Please transcribe exactly the lines from the line holding "玛爱文化诈骗案曝光以后,有不" through the end of the data below, and skip any pictures.

THE DATA:

============

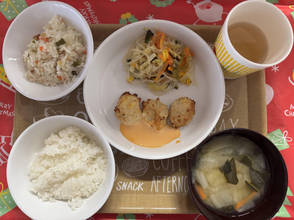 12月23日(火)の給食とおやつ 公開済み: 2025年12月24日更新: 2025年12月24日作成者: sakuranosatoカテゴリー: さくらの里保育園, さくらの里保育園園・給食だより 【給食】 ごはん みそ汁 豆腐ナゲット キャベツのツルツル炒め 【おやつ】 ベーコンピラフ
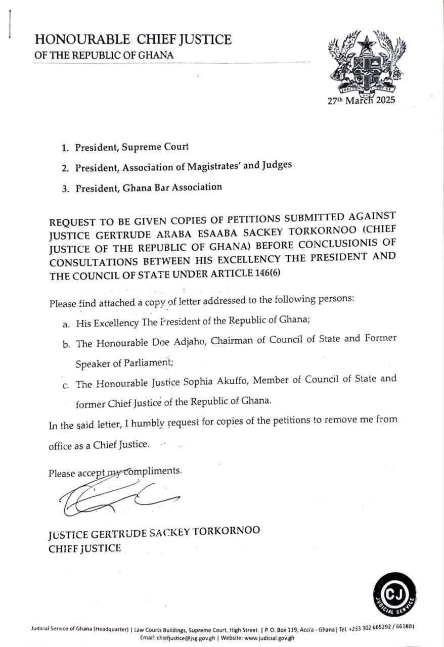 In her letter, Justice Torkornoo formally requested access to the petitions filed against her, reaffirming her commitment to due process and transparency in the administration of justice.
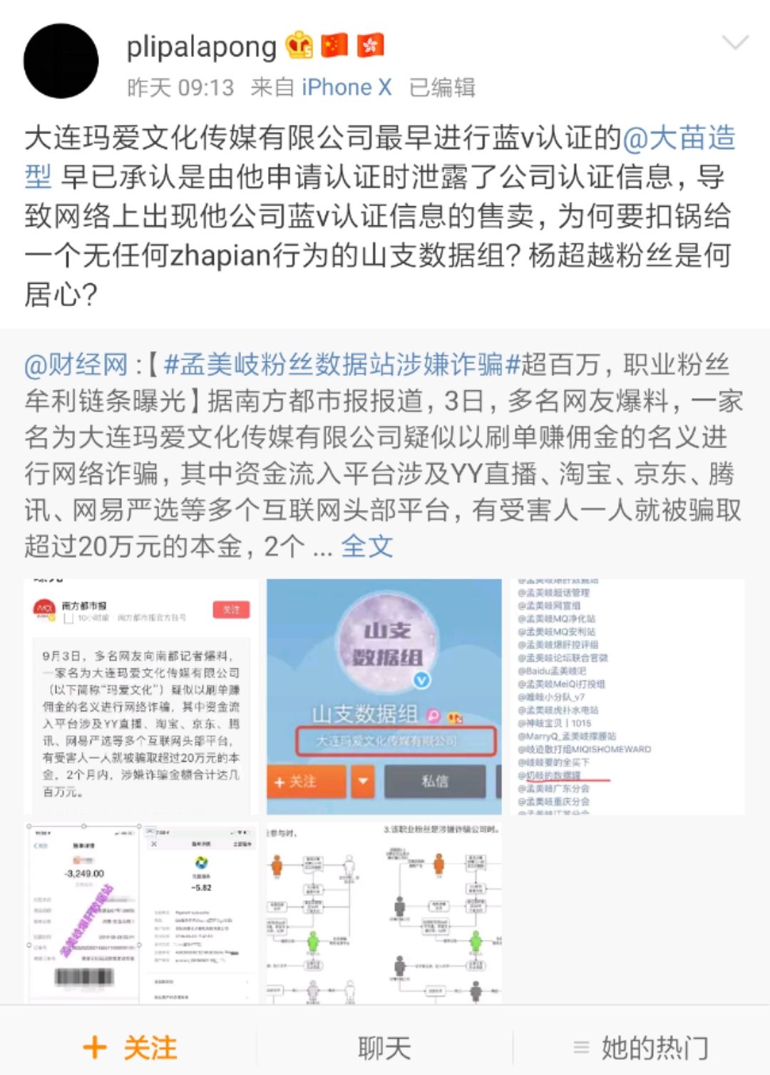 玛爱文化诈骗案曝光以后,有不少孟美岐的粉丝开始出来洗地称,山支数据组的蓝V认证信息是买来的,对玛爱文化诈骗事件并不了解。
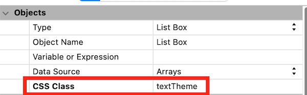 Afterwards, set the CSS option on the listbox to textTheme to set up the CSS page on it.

============

EXERCISE ANSWER:
 玛爱文化诈骗案曝光以后,有不少孟美岐的粉丝开始出来洗地称,山支数据组的蓝V认证信息是买来的,对玛爱文化诈骗事件并不了解。
 Afterwards, set the CSS option on the listbox to textTheme to set up the CSS page on it.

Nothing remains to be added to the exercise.